(Problem description): The listing, minus its pictures, is to be given again exactly.
==== Information given
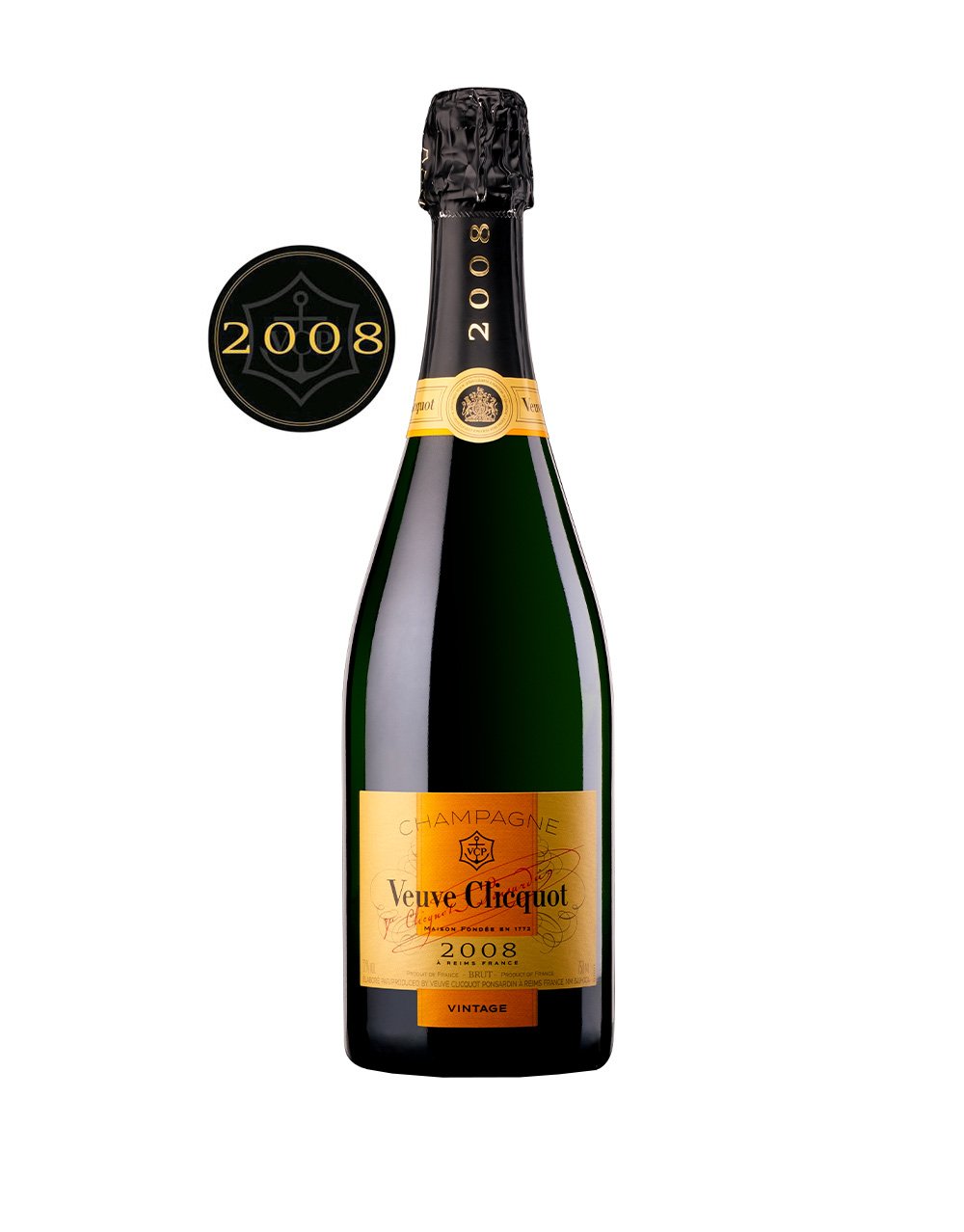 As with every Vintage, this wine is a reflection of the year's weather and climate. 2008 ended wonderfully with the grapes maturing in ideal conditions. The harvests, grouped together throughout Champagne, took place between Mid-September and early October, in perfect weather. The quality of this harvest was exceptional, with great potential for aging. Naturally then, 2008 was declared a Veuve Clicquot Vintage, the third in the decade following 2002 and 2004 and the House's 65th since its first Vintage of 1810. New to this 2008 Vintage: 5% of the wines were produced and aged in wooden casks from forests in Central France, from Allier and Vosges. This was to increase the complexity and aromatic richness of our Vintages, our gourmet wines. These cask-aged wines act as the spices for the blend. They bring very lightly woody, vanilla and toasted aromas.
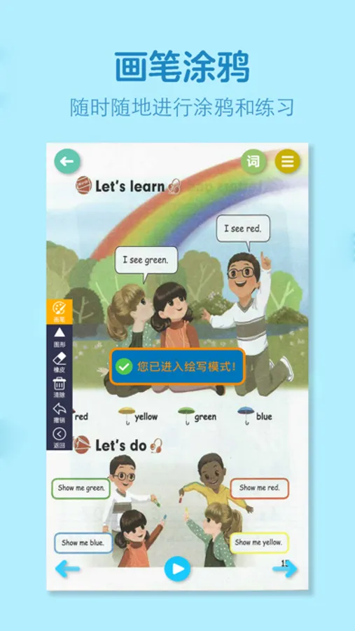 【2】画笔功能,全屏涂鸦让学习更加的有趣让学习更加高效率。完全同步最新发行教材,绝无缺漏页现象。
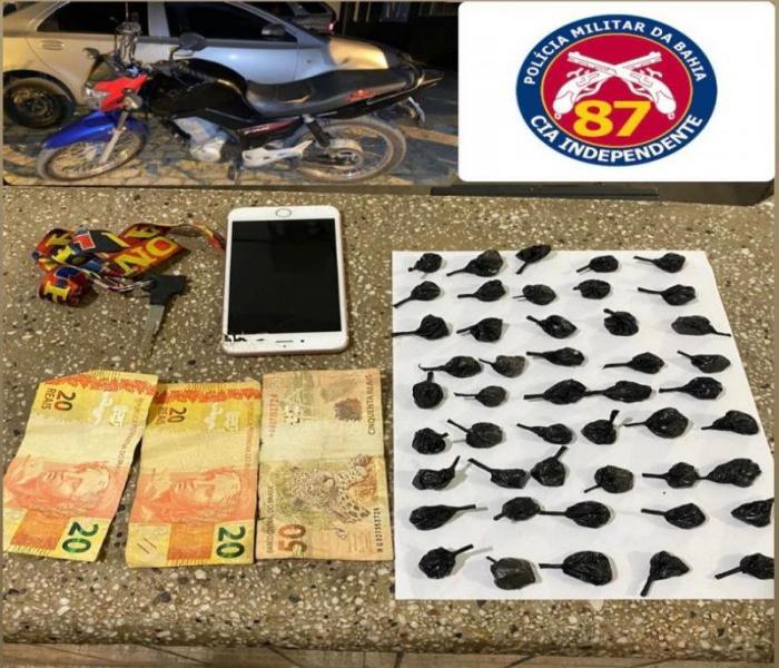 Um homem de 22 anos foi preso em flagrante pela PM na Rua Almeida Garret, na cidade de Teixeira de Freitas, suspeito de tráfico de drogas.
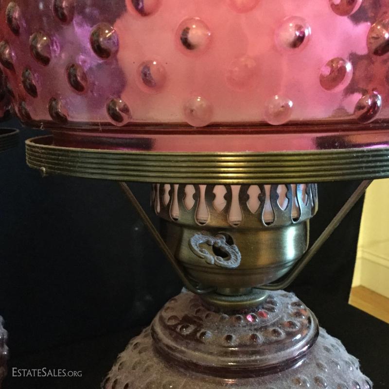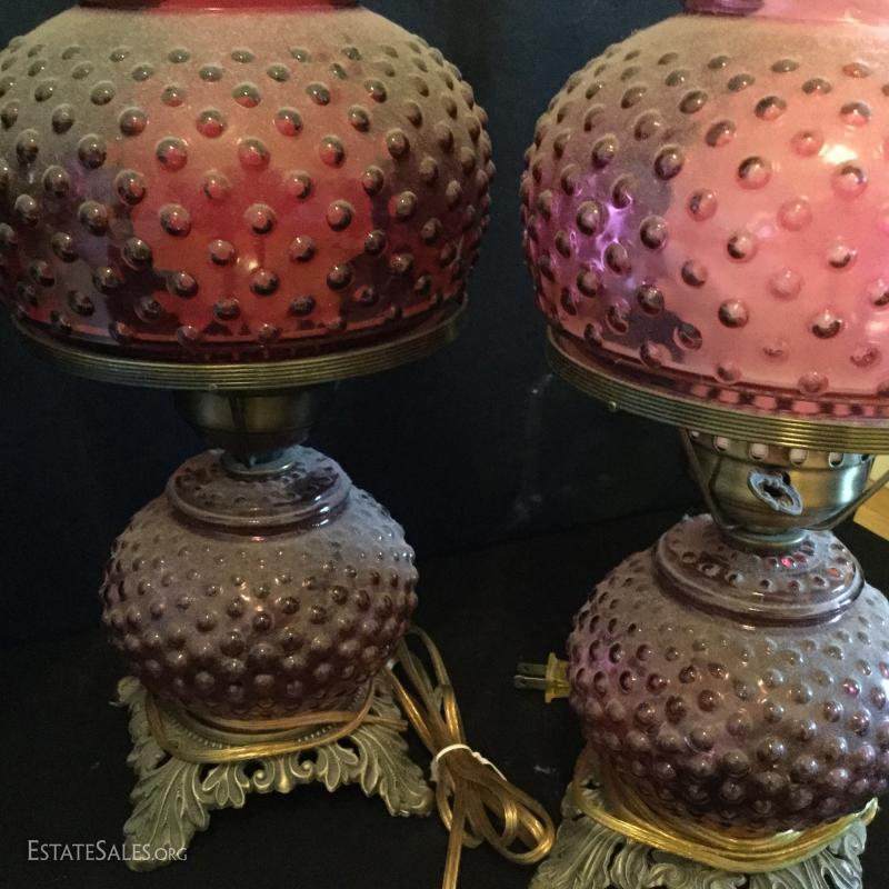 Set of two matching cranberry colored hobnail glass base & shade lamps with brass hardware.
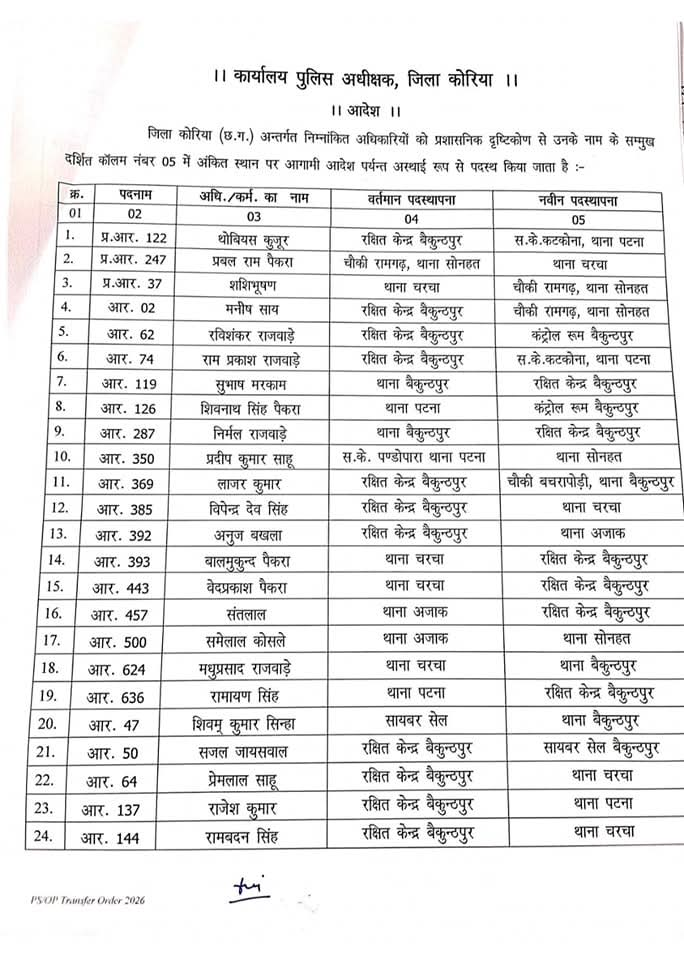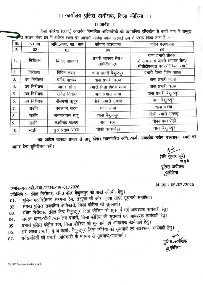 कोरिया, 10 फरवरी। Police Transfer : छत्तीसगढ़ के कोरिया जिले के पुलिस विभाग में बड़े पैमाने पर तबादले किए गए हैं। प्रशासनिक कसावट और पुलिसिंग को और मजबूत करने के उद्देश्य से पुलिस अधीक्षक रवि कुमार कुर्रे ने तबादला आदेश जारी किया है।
========
(Written solution):
 As with every Vintage, this wine is a reflection of the year's weather and climate. 2008 ended wonderfully with the grapes maturing in ideal conditions. The harvests, grouped together throughout Champagne, took place between Mid-September and early October, in perfect weather. The quality of this harvest was exceptional, with great potential for aging. Naturally then, 2008 was declared a Veuve Clicquot Vintage, the third in the decade following 2002 and 2004 and the House's 65th since its first Vintage of 1810. New to this 2008 Vintage: 5% of the wines were produced and aged in wooden casks from forests in Central France, from Allier and Vosges. This was to increase the complexity and aromatic richness of our Vintages, our gourmet wines. These cask-aged wines act as the spices for the blend. They bring very lightly woody, vanilla and toasted aromas.
 【2】画笔功能,全屏涂鸦让学习更加的有趣让学习更加高效率。完全同步最新发行教材,绝无缺漏页现象。
 Um homem de 22 anos foi preso em flagrante pela PM na Rua Almeida Garret, na cidade de Teixeira de Freitas, suspeito de tráfico de drogas.
 Set of two matching cranberry colored hobnail glass base & shade lamps with brass hardware.
 कोरिया, 10 फरवरी। Police Transfer : छत्तीसगढ़ के कोरिया जिले के पुलिस विभाग में बड़े पैमाने पर तबादले किए गए हैं। प्रशासनिक कसावट और पुलिसिंग को और मजबूत करने के उद्देश्य से पुलिस अधीक्षक रवि कुमार कुर्रे ने तबादला आदेश जारी किया है।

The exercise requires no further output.